Chambre Sociale, 30 mai 2025 — 24/02502
Texte intégral
N° RG 24/02502 - N° Portalis DBV2-V-B7I-JWWW
COUR D'APPEL DE ROUEN
CHAMBRE SOCIALE ET DES AFFAIRES DE
SECURITE SOCIALE
ARRET DU 30 MAI 2025
DÉCISION DÉFÉRÉE :
21/00120
Jugement du POLE SOCIAL DU TJ DU HAVRE du 31 Mai 2024
APPELANTE :
CAISSE PRIMAIRE D'ASSURANCE MALADIE [Localité 3]
[Adresse 2]
[Adresse 2]
[Localité 3]
représentée par Me Vincent BOURDON, avocat au barreau de ROUEN
INTIMEE :
S.A.S. [5]
[Adresse 1]
[Localité 3]
représentée par Me Gabriel RIGAL de la SELARL ONELAW, avocat au barreau de LYON, dispensé de comparaître
COMPOSITION DE LA COUR :
En application des dispositions de l'article 945-1 du Code de procédure civile, l'affaire a été plaidée et débattue à l'audience du 03 Avril 2025 sans opposition des parties devant Madame DE BRIER, Conseillère, magistrat chargé d'instruire l'affaire.
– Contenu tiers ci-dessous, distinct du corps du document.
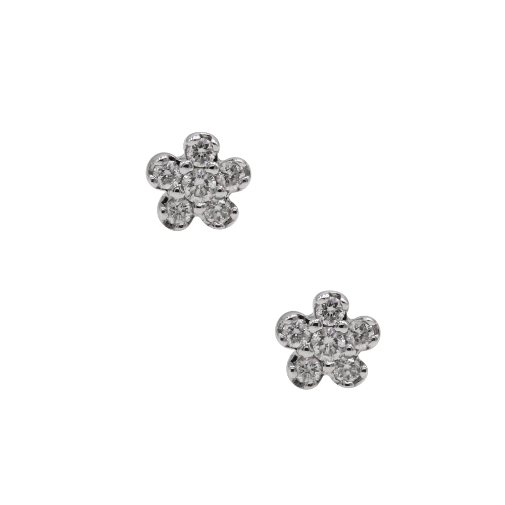 Orecchini fiorellino in oro bianco con diamanti (ct 0,07) - 3,5 mm
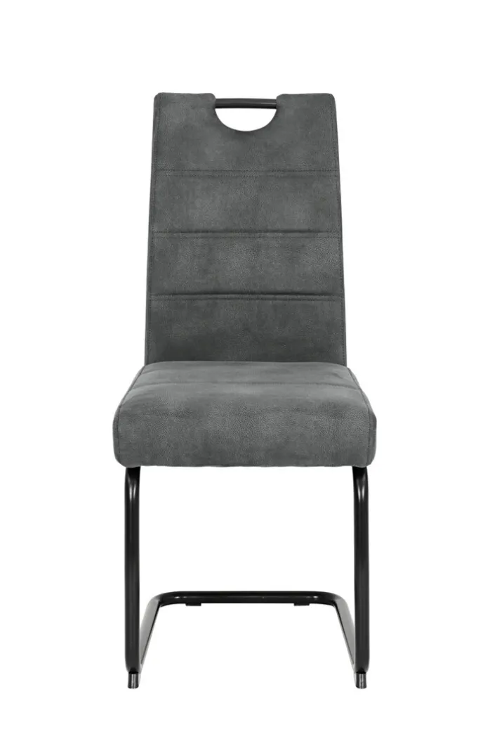 Der Stuhl besticht durch seine graue Vintage-Optik, die durch den Einsatz von hochwertigem Mikrofaser-Textil erreicht wird. Das Material besteht zu 100 % aus Polyester, was für Langlebigkeit und einfache Pflege sorgt. Das pulverbeschichtete Metallgestell in Schwarz verleiht dem Stuhl eine matte Optik und sorgt für Stabilität. Die Polsterung mit Federkern bietet zusätzlichen Sitzkomfort. Der integrierte Griff erleichtert das Umstellen des Stuhls, was besonders in dynamischen Wohnumgebungen von Vorteil ist.
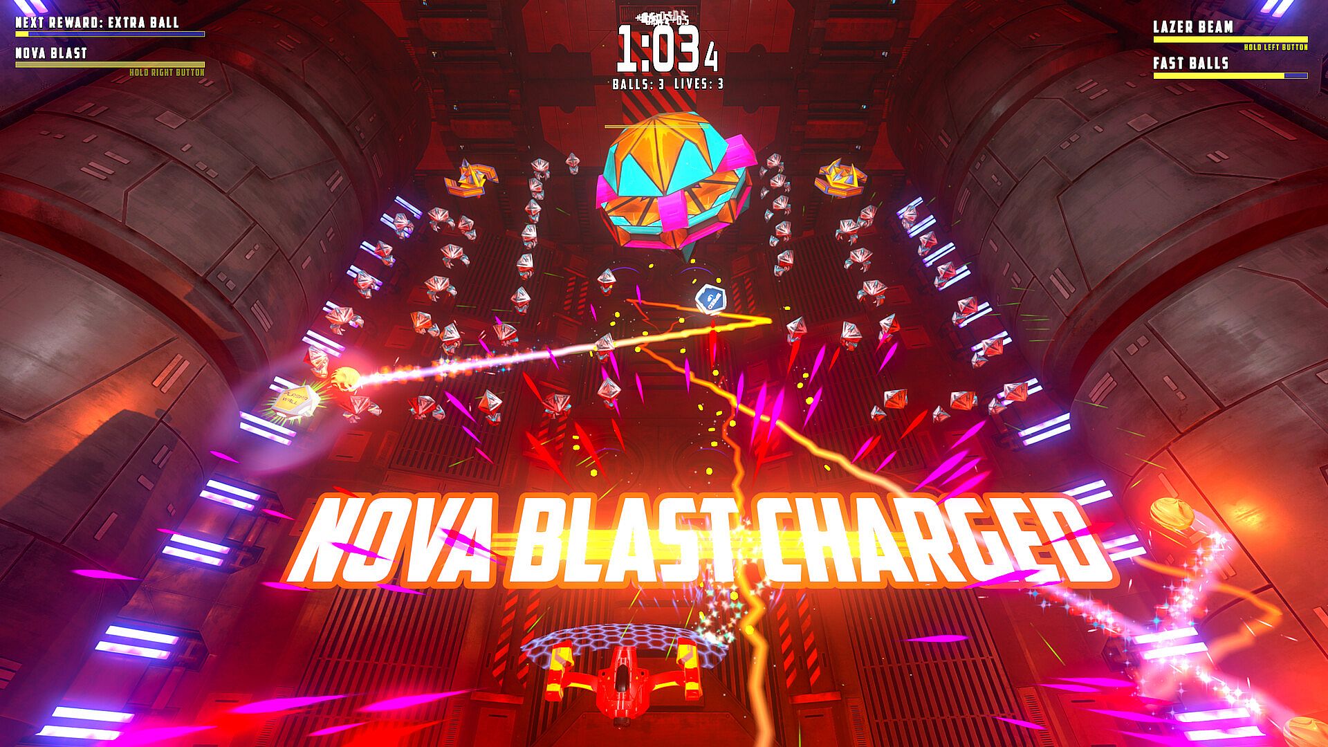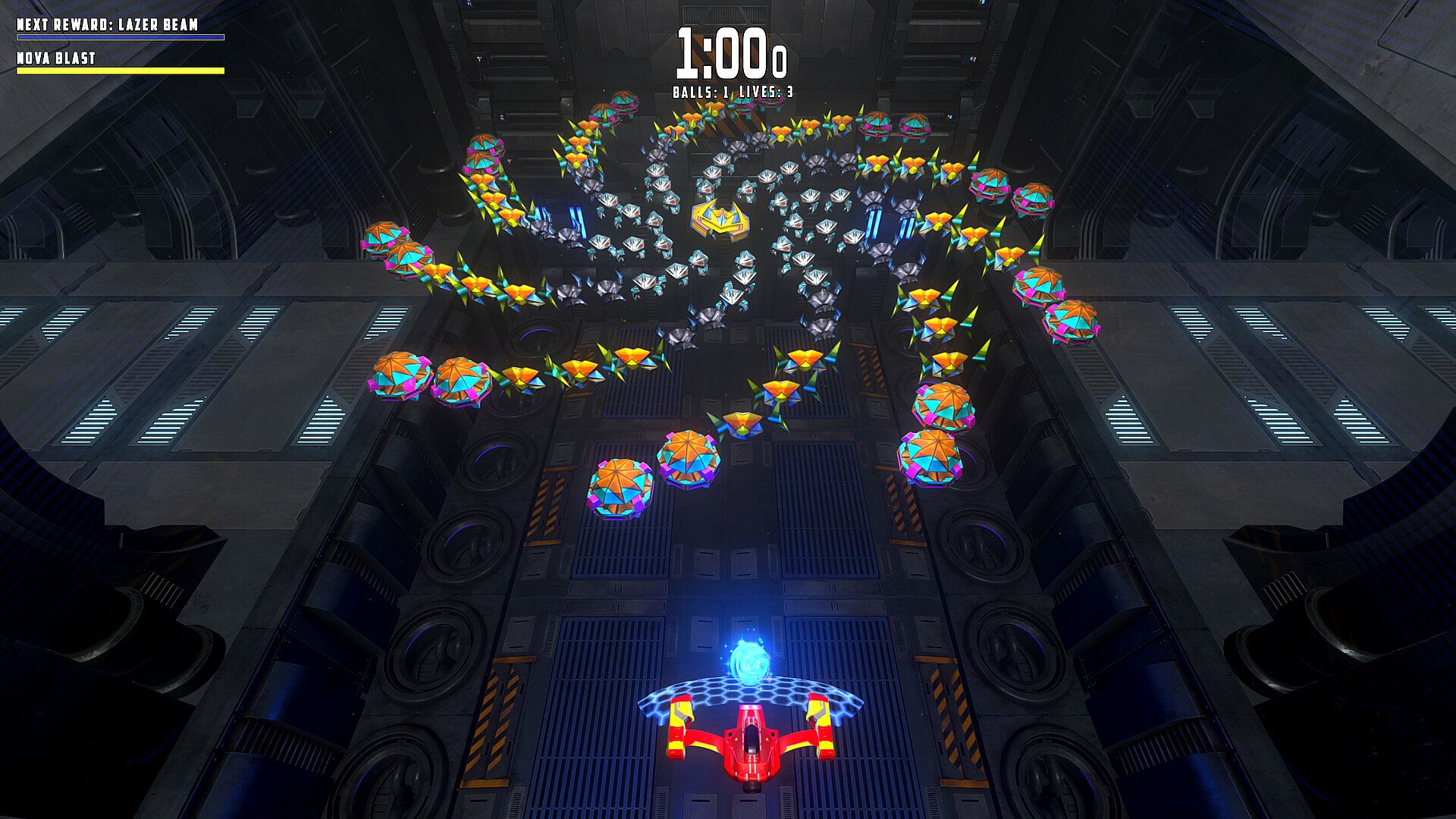 You are equipped with electrically charged, physics-based orbs that obliterate enemy drones on contact. Keep your orbs in play, gather power-ups, and fight your way through 100 levels toward freedom.

Le magistrat rapporteur a rendu compte des plaidoiries dans le délibéré de la Cour composée de :
Madame BIDEAULT, Présidente
Madame POUGET, Conseillère
Madame DE BRIER, Conseillère
GREFFIER LORS DES DEBATS :
Mme WERNER, Greffière
DEBATS :
A l'audience publique du 03 avril 2025, où l'affaire a été mise en délibéré au 30 mai 2025
ARRET :
CONTRADICTOIRE
Prononcé le 30 Mai 2025, par mise à disposition de l'arrêt au greffe de la Cour, les parties en ayant été préalablement avisées dans les conditions prévues au deuxième alinéa de l'article 450 du Code de procédure civile,
signé par Madame BIDEAULT, Présidente et par M. GUYOT, Greffier.
* * *
FAITS ET PROCÉDURE :
La caisse primaire d'assurance-maladie [Localité 3] (la caisse) a pris en charge au titre du tableau n°57 A des maladies professionnelles une pathologie déclarée par M. [X] [J], salarié de la société [5] (la société) en qualité de chauffeur de cavalier, constatée par certificat médical initial du 18 février 2019 évoquant une lombosciatique gauche sur hernie discale L5-S1 gauche.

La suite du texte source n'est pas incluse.